Source data:
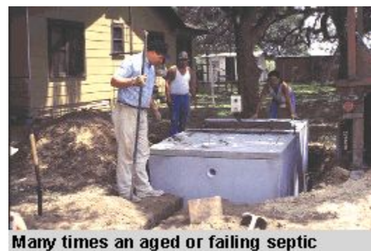
Many times an aged or failing septic system requires tank replacement

Septic systems provide a means of treating household waste in those areas that do not have access to public sewers or where sewering is not feasible. For example, more than 80 percent of the land developed in the state of Maryland in the last decade has been outside the sewer and water "envelope" (MOP, 1991). Currently, it is estimated that 25 percent of the population of the United States rely on onsite wastewater systems to treat and dispose of their household waste. Of that number, about 95 percent of the disposal systems are septic tank systems. The goal of this fact sheet is to prevent new
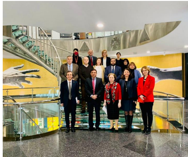
The Rector FUI and Registrar FUI posing for a group photo with the Rector Yeditepe University and its officials.

In virtual Sessions of Day 3, FUI faculty members showed interest in sessions related to online learning with details on ed-tech and pedagogies for online learning.
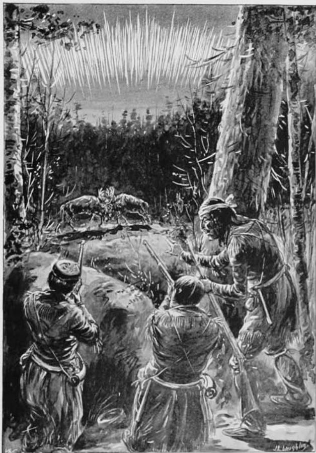
A ROYAL BATTLE.
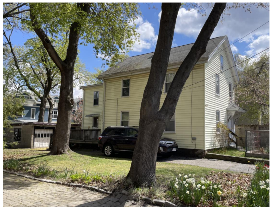
51 Kelley Street side elevation and garage, facing east.

building. A two-story ell extends off the rear and has a flat roof. A two-car, concrete block garage sits towards the rear of the lot and is accessed by a driveway.
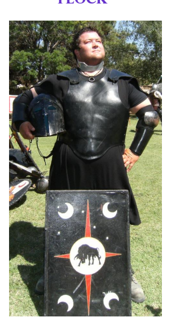
LORD RAYNOR BOLEHEUED
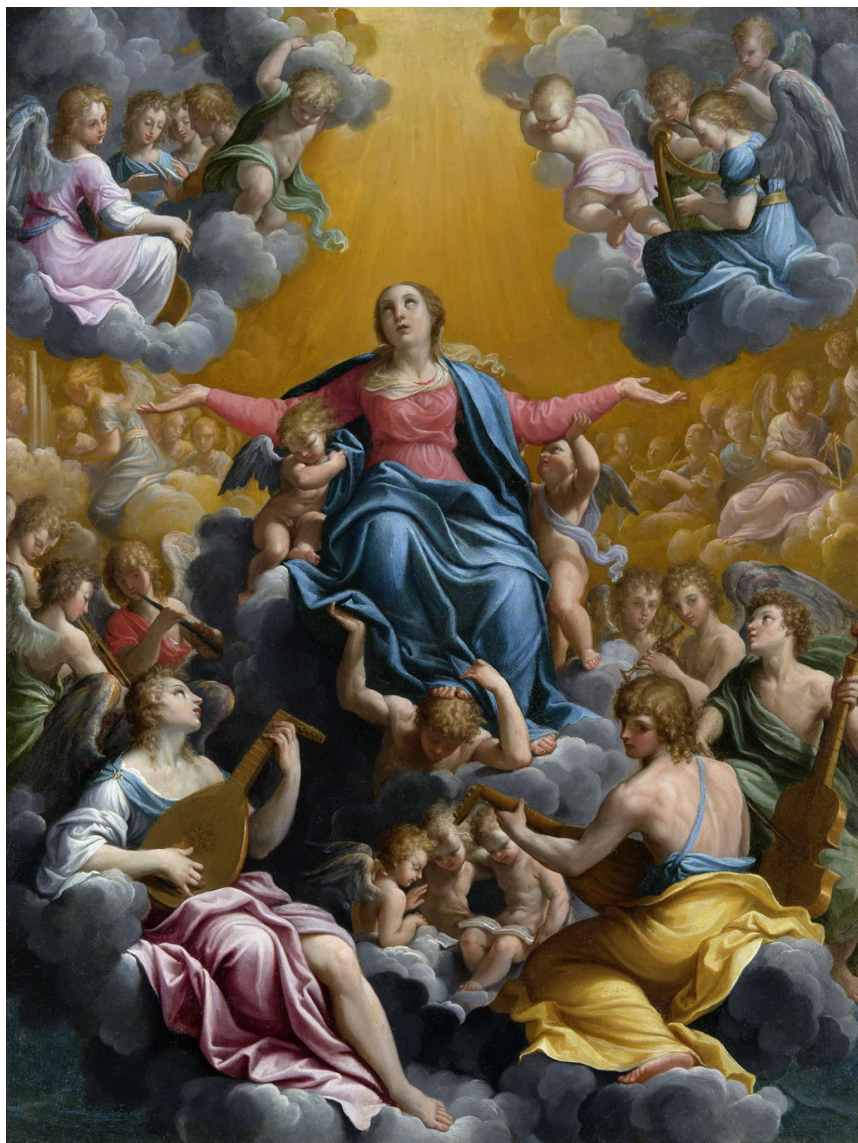
Assumption Of The Virgin - Guido Reni

Exercise goal: Go through the entries above and report each line with the string "septic" in it.

Output:
Many times an aged or failing septic system requires tank replacement
Septic systems provide a means of treating household waste in those areas that do not have access to public sewers or where sewering is not feasible. For example, more than 80 percent of the land developed in the state of Maryland in the last decade has been outside the sewer and water "envelope" (MOP, 1991). Currently, it is estimated that 25 percent of the population of the United States rely on onsite wastewater systems to treat and dispose of their household waste. Of that number, about 95 percent of the disposal systems are septic tank systems. The goal of this fact sheet is to prevent new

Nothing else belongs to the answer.